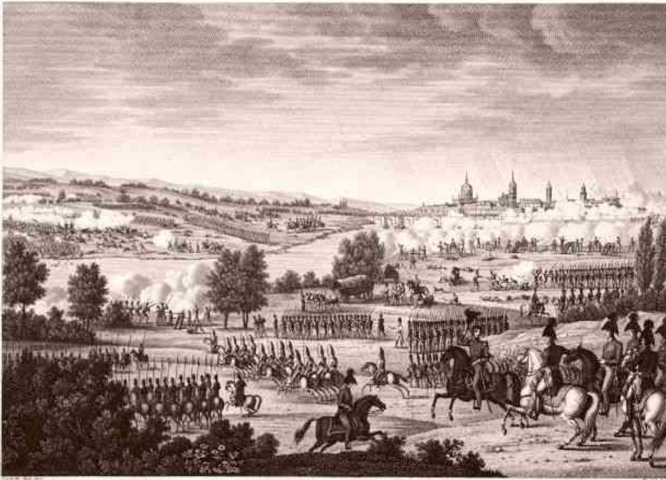
BATAILLE DE DRESDE, LIVRÉE LE 26 AOÛT 1813.
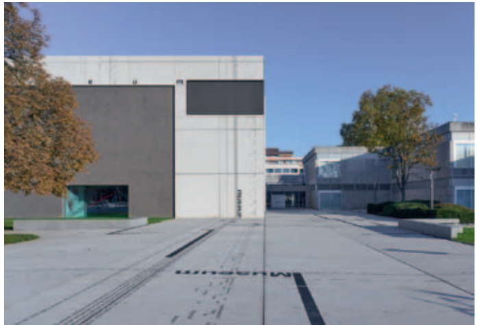
Außenansicht der Modernen Galerie des Saarlandmuseum

wichtig, das Museum trotz der Umbauarbeiten für Museums-gäste zugänglich zu halten. Im Erweiterungsbau (Trakt B) sind die zeitgenössische Sammlung sowie die aktuelle Ausstellung Re:start – Gestalterische Positionen für bessere Zukünfte uneingeschränkt zu besichtigen. Das Projekt Re:start , kuratiert von Mark Braun, Professor für Produktdesign und Gestalter, zeigt anhand von Arbeiten junger Gestalter*innen, wie aktuellen Herausforderungen des Klima-
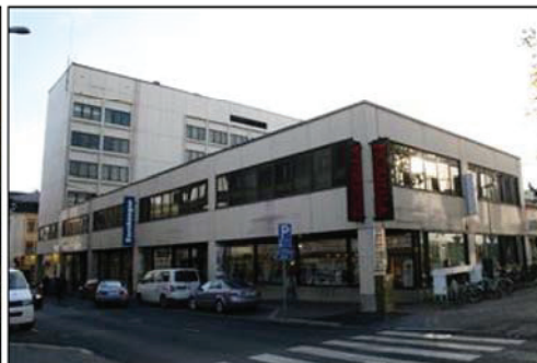
Kohde Tulliportinkadun ja Käsityökadun risteyksestä kuvattuna.
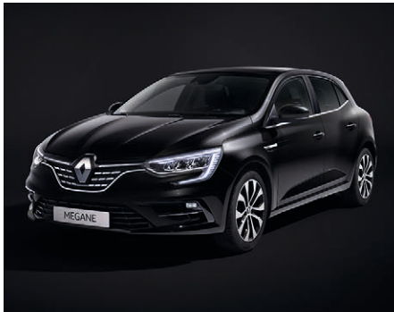
Fekete gyémánt (2)
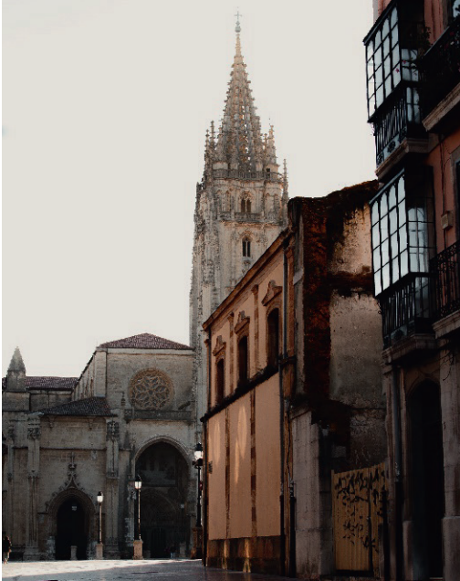
Rycina 2. Oviedo, widok na katedrę, L. Garó, 2021
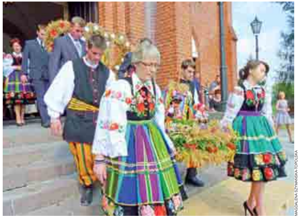
Barwne procesje dożynkowe są wyrazem wiary w obecność Jezusa w Najświętszym Sakramencie. Na zdjęciu procesja dożynkowa po mszy św. w kościele parafialnym w Bąkowie.

Zwyczaj i obrzędy | W podziękowaniu za udane żniwa
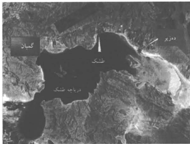
شکل ۱: تصویر ماهواره‌ای محدوده مطالعاتی و موقعیت جغرافیایی ایستگاههای نمونه برداری

برای انجام این آزمایش محیط کشت مایع ONR7a با غلظت‌های مختلف نمک NaCl (۰.۲، ۰.۴، ۰.۶، ۰.۸، ۱.۰، ۱.۲، ۱.۴، ۱.۶، ۱.۸، ۲.۰ درصد) به میزان ۱۰۰ میلی لیتر در ارلن‌هایی با حجم ۵۰۰ میلی لیتر تهیه شد (از هر کدام دو تا، یکی برای نفتالین و یکی برای آنتراسین). سپس به هر ارلن PAH مربوط به آن (نفتالین یا آنتراسین)، به میزان یک میلی‌گرم در میلی لیتر اضافه گردید. به هر ارلن سوسپانسیون باکتریایی تهیه شده در مرحله قبل اضافه شد. از دو ارلن حاوی محیط کشت و PAH (یکی با نفتالین و یکی با آنتراسین) و بدون تلقیح توسط سوسپانسیون باکتریایی نیز بعنوان شاهد استفاده گردید. سپس تمامی ارلن‌ها در دمای ۲۵ درجه سانتیگراد و ۹۰ دور در دقیقه گرمخانه‌گذاری شدند (Kasai & Kishira, 2002).
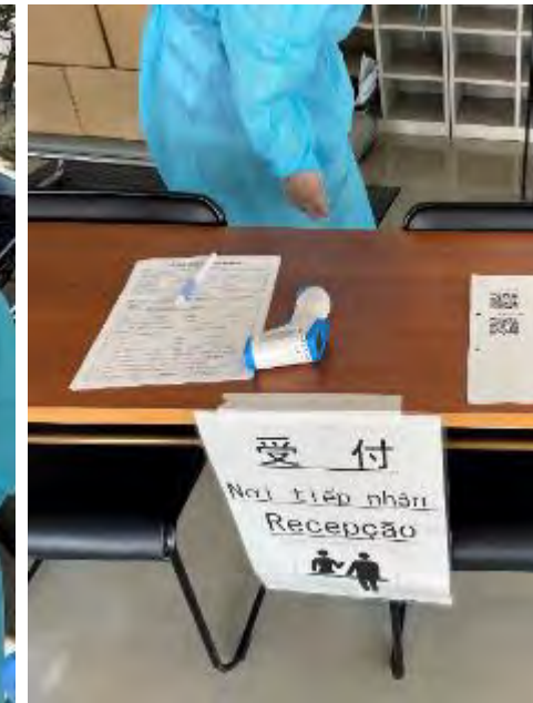
避難所(トリムパークかなづ)に外国人対応用受付を設置

#### YOUR GOAL
Within the listing above, the lines starting at the one containing "Rycina 2. Oviedo, widok" and ending at the one containing "Zwyczaj i obrzędy" are to be returned exactly. Omit the pictures.

#### RESPONSE TO THE EXERCISE
Rycina 2. Oviedo, widok na katedrę, L. Garó, 2021
Barwne procesje dożynkowe są wyrazem wiary w obecność Jezusa w Najświętszym Sakramencie. Na zdjęciu procesja dożynkowa po mszy św. w kościele parafialnym w Bąkowie.

Zwyczaj i obrzędy | W podziękowaniu za udane żniwa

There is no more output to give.